§ **Action item**: Make an exact copy of the listing, without images.

§ **Input data**:
* * *

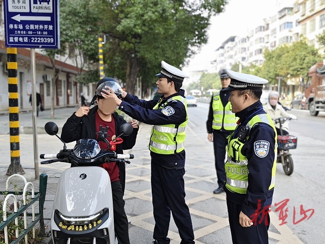 “您好,骑乘电动自行车请戴好头盔。”执勤民辅警通过发放提示小卡片,对途经国省道车辆驾驶员进行耐心提醒劝导,结合案例讲解违法危害,引导驾驶员自觉遵守交通法律法规,树牢谨慎驾驶、平安出行理念。
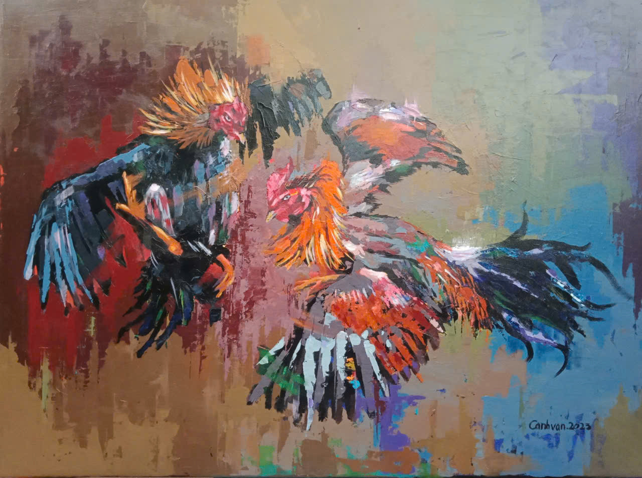 "Gà là biểu tượng của ngũ đức: Văn - Võ - Dũng - Nhân - Tín. Đó là những phẩm chất đáng quý của con người và tôi thấy mình có thể kể nhiều điều ý nghĩa thông qua nó", hoạ sĩ Cảnh Gà chia sẻ.
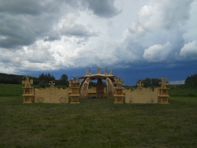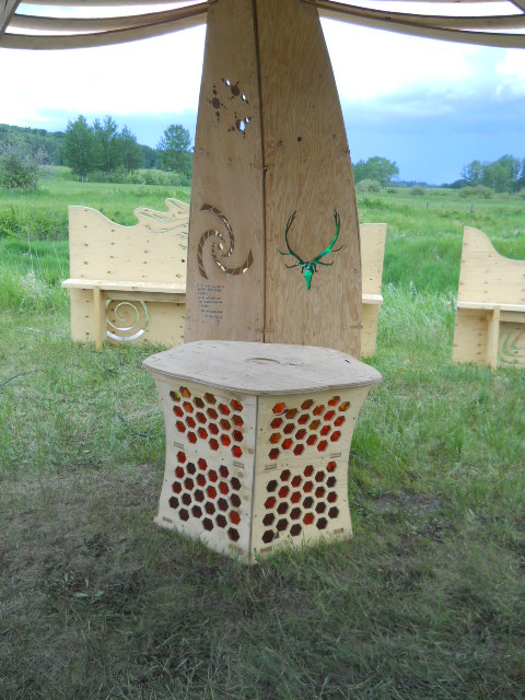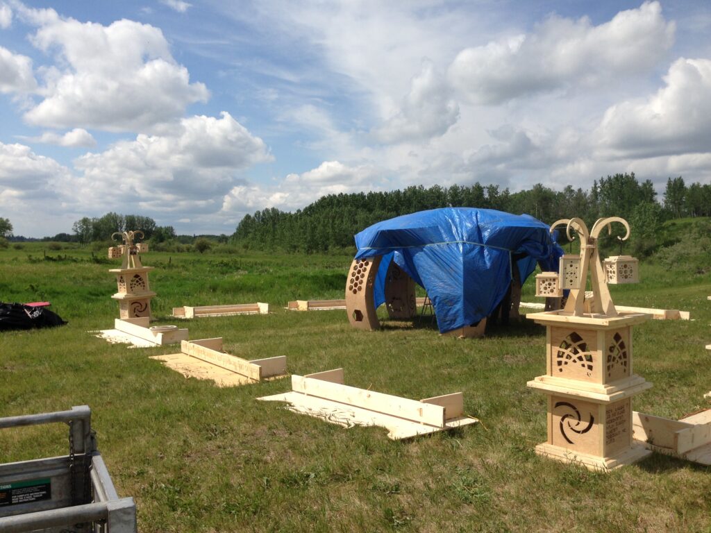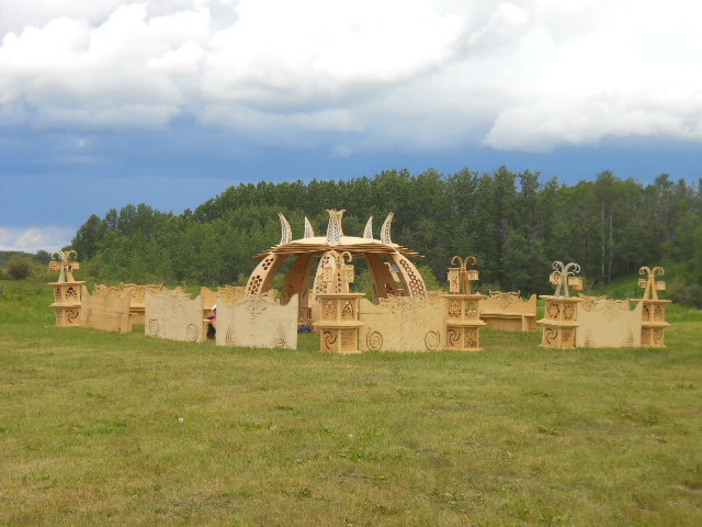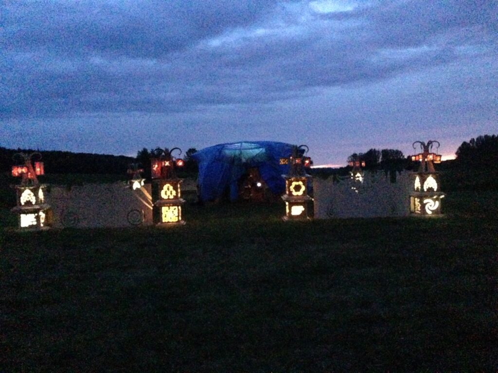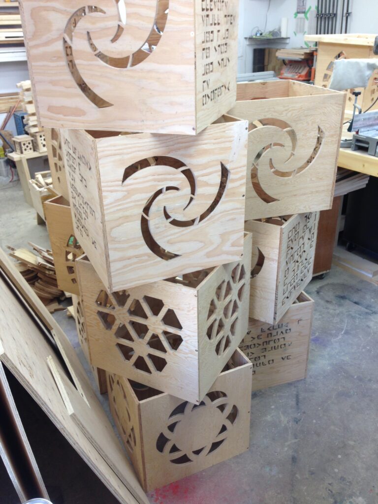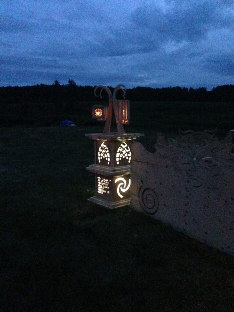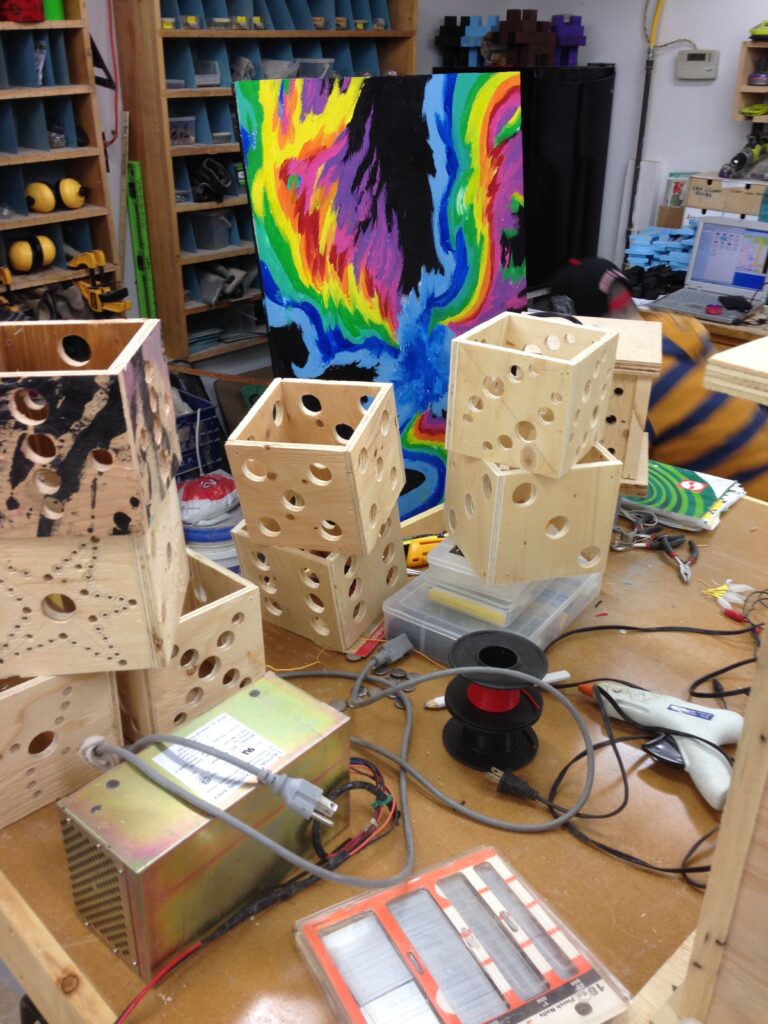 Troy built benches and corner pillars with LED lanterns to surround the main 2015 Freezer Burn Temple built by Justin Miller.

* * *

§ **Solution to this task**:
 “您好,骑乘电动自行车请戴好头盔。”执勤民辅警通过发放提示小卡片,对途经国省道车辆驾驶员进行耐心提醒劝导,结合案例讲解违法危害,引导驾驶员自觉遵守交通法律法规,树牢谨慎驾驶、平安出行理念。
 "Gà là biểu tượng của ngũ đức: Văn - Võ - Dũng - Nhân - Tín. Đó là những phẩm chất đáng quý của con người và tôi thấy mình có thể kể nhiều điều ý nghĩa thông qua nó", hoạ sĩ Cảnh Gà chia sẻ.
 Troy built benches and corner pillars with LED lanterns to surround the main 2015 Freezer Burn Temple built by Justin Miller.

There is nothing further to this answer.